What the Bush Administration and Congress
Should Do
The
U.S. government should support economic freedom by all means at its
disposal. Keeping America free of protectionism and special favors
while reducing the fiscal burden of government will foster economic
growth. To that end, both Congress and the Bush Administration
should work together to:
- Cut expenditures
to balance the federal budget. The federal government can
balance its budget in two ways: cutting expenditures or raising
taxes. Raising taxes means people keep less of what they earn,
reducing incentives to produce more, thus thwarting economic
growth. Therefore, the U.S. government should reduce government
expenditures to ease the fiscal burden of government. Riedl
recommends a strategy to keep federal spending under control, which
includes the following actions:
-
Cutting federal spending immediately;
-
Freezing discretionary spending (which has
increased by almost 40 percent since 2001) in 2005;
-
Reforming entitlements, including Medicare
and farm subsidies; and
-
Reforming the budget process so that it
limits spending growth and the ability for the government to pass
on the burden of today's spending to future generations.
-
Eliminate
agricultural subsidies, antidumping measures, and other
protectionist policies. Subsidies and special protections
benefit small economic interests or sectors at the expense of
millions of American consumers and producers. They translate into
higher prices, which disproportionally affect poor Americans.
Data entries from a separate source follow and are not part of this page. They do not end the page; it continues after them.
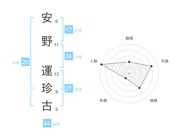 安野 運珍古さんの総格は44画の2点!
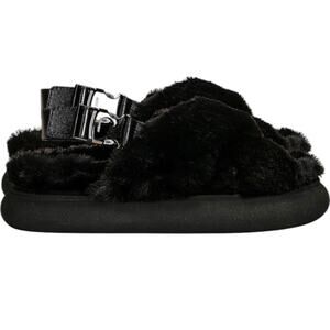 MONCLER Solarisse Black Fur Leather Warm Slingback Sandals, IT38/US8 SRP: $695
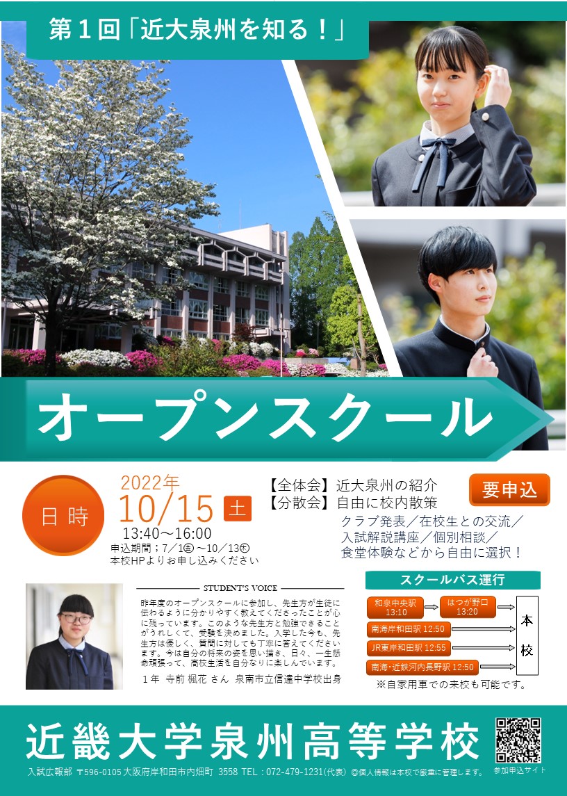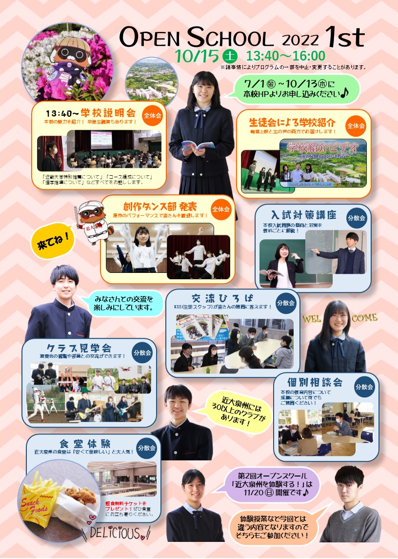 入試関連情報 2022.07.07 第1回オープンスクール(10/15土)受付中! 第1回オープンスクールの予約受付を現在行っています。 今年度の第1回オープンスクールは、クラブ発表見学や在校生との交流、食堂体験など楽しい企画が盛りだくさん! 岸和田、東岸和田、和泉中央、河内長野からスクールバスを運行しますので、気軽な気持ちでご来校ください。 日時;10/15(土)13:40~16:00 予約はこちらのページから オープンスクール詳細ページはこちら NEWS一覧に戻る カテゴリ一 校長メッセージ重要なお知らせお知らせ学校行事部活動事務室より海外研修入試関連情報
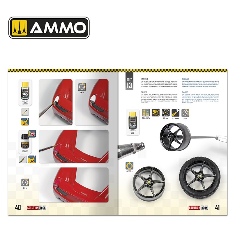 SOLUTION BOOK – How to Paint and Lacquer Scale Cars är en komplett 46-sidig guide med steg-för-steg-instruktioner på fyra språk (engelska, spanska, franska och tyska). Här får du lära dig hur du målar och klarlackerar modeller av civila fordon – både väg- och tävlingsbilar, motorcyklar, lastbilar eller andra typer av fordon.
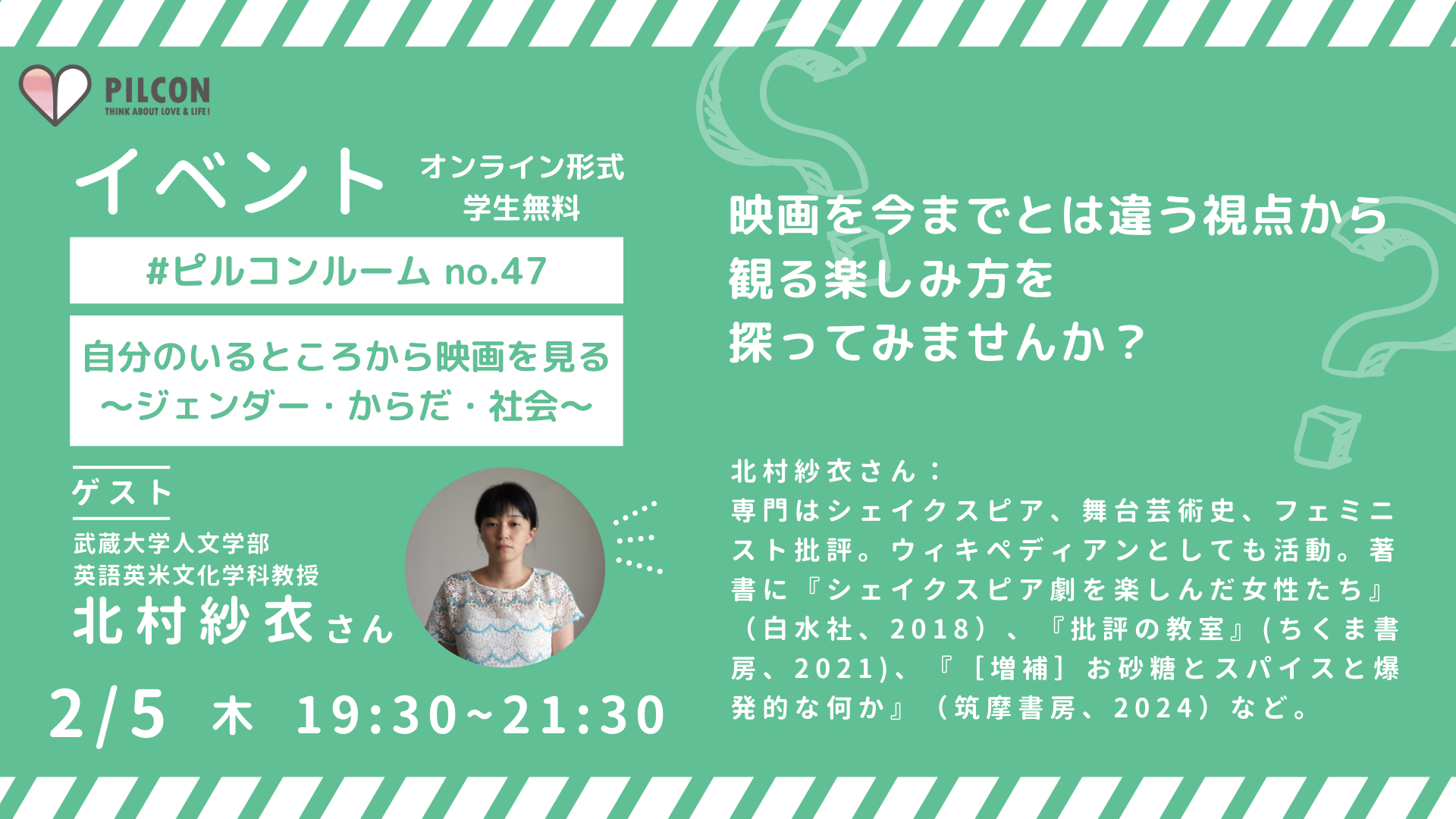 ユース世代向けオンラインイベント「#ピルコンルーム」。今回は、『女の子が死にたくなる前に見ておくべきサバイバルのための洋画100選』や『学校では教えてくれないシェイクスピア』などの書籍の著者である北村紗衣さんをゲストにお招きし、「映画とジェンダー」をテーマにお話を伺います。
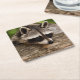 Cute Racoon Resting on a Log Square Paper Coaster
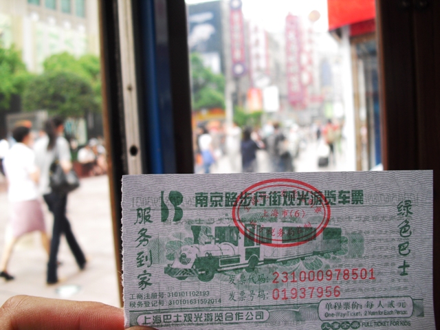 歩行者天国の両端にある石碑から50mくらい内に入ったところがバス停ですが列などはなく、バスが来て客が降りたところに早い者勝ちでまず座ります。全員降りるとは限りません。往復の人もいますから。席が取れたら出発前にまわってくる徴収係りに2元渡します。出発したら途中下車はできません。道路の込み具合によりますが片道10分弱です。
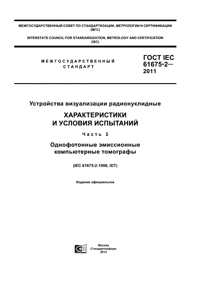 | Название англ.: | Radionuclide imaging devices. Characteristics and test conditions. Part 2. Single photon emission computed tomographs |
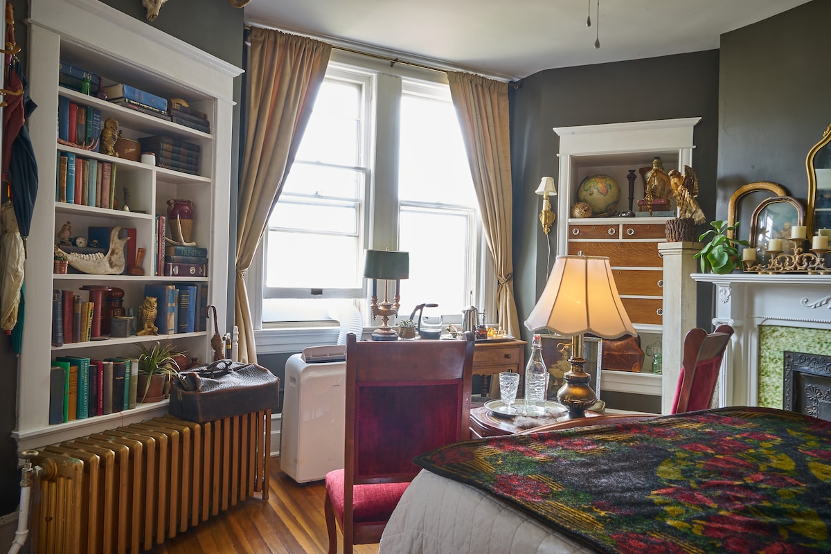 5 minuta/2,5 milje do nacionalnog parka New River Gorge i mosta u centru Fajetvila, WV! Smještena na drugom spratu istorijskog prenoćišta Morris Harvey House Inn, The Library Room je ispunjena neobičnim blagom, zanimljivostima i rijetkim romanima. Uđite u dušek Tuft & Needle i luksuzne čaršave na složeno izrezbarenom starinskom bračnom krevetu. Samo za uzrast od 8 i više godina EV CHARGING- Nudimo punjač Tesla nivoa 2 za potrebe punjenja preko noći. To je dodatnih 10 $ po noćenju.
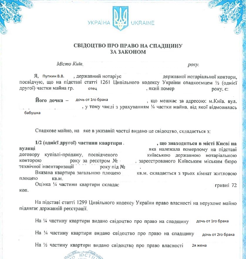 Возможно есть на форуме люди, которые подскажут по ситуации. У родственницы умер отец. Уже достаточно давно (10 лет прошло). Осталась квартира. Она - дочь от первого брака, есть еще дочь от второго брака и жена, с которой он уже и не жил вместе последнее время. Бабушка отказалась от своей части квартиры в пользу дочери от 1го брака. На днях глянул "Свідоцтво про право на спадщину" и сломал моЦк. Оно выдано на 1/2 квартиры: 1/4 дочери от 1го брака + 1/4 бубушкина. Но ниже разделено следующим образом: 1/4 дочери от 1го брака 1/4 дочери от 2го брака 1/2 второй жене

The
Bush Administration should advance an agenda to eliminate
agricultural subsidies at the WTO. It should take advantage of
Europe's recent proposal to put the Doha round back on track by
ending agricultural export subsidies, and it should encourage Japan
to eliminate agricultural export subsidies as well.
- Continue to
support the expansion of free trade. So far, the Bush
Administration has advanced free trade agreements with Chile and
Singapore and has completed negotiations with Central America,
Australia, and Morocco. It should continue to negotiate free trade
agreements with other countries around the world and Congress
should approve these trade agreements.
Conclusion
America has been losing the "economic
freedom" race for the last five years, according to the Index of
Economic Freedom. That is worrisome because economic freedom is the
foundation of U.S. economic growth and strength, and economic
strength is the foundation of America's high living standards,
military power, and overall power around the world.
The
United States is falling behind, not just because it has tinkered
with trade barriers and increased federal spending to the point of
compromising the wealth of future generations, but also because it
has been resting on its laurels enjoying its former reputation as
the freest and most business-friendly economy in the world. That
advantage is over. According to the Index, nine countries now score
better on economic freedom than the United States.
Both
the Bush Administration and Congress should support policies that
advance economic freedom, so that the U.S. economy can grow
strongly and thus provide resources to maintain America's high
living standards, increase its military strength and security, and
continue its role as a world leader. To that end, the Bush
Administration and Congress should cut spending to balance the
federal budget; eliminate agricultural subsidies, antidumping, and
other protectionist policies; reform social welfare entitlement
programs; and continue to support the expansion of free trade. More
economic freedom at home will ensure that a healthy U.S. economy
remains the solid basis of American prosperity and strength.
Ana Isabel Eiras is Senior Policy
Analyst for International Economics in the Center for International
Trade and Economics at The Heritage Foundation.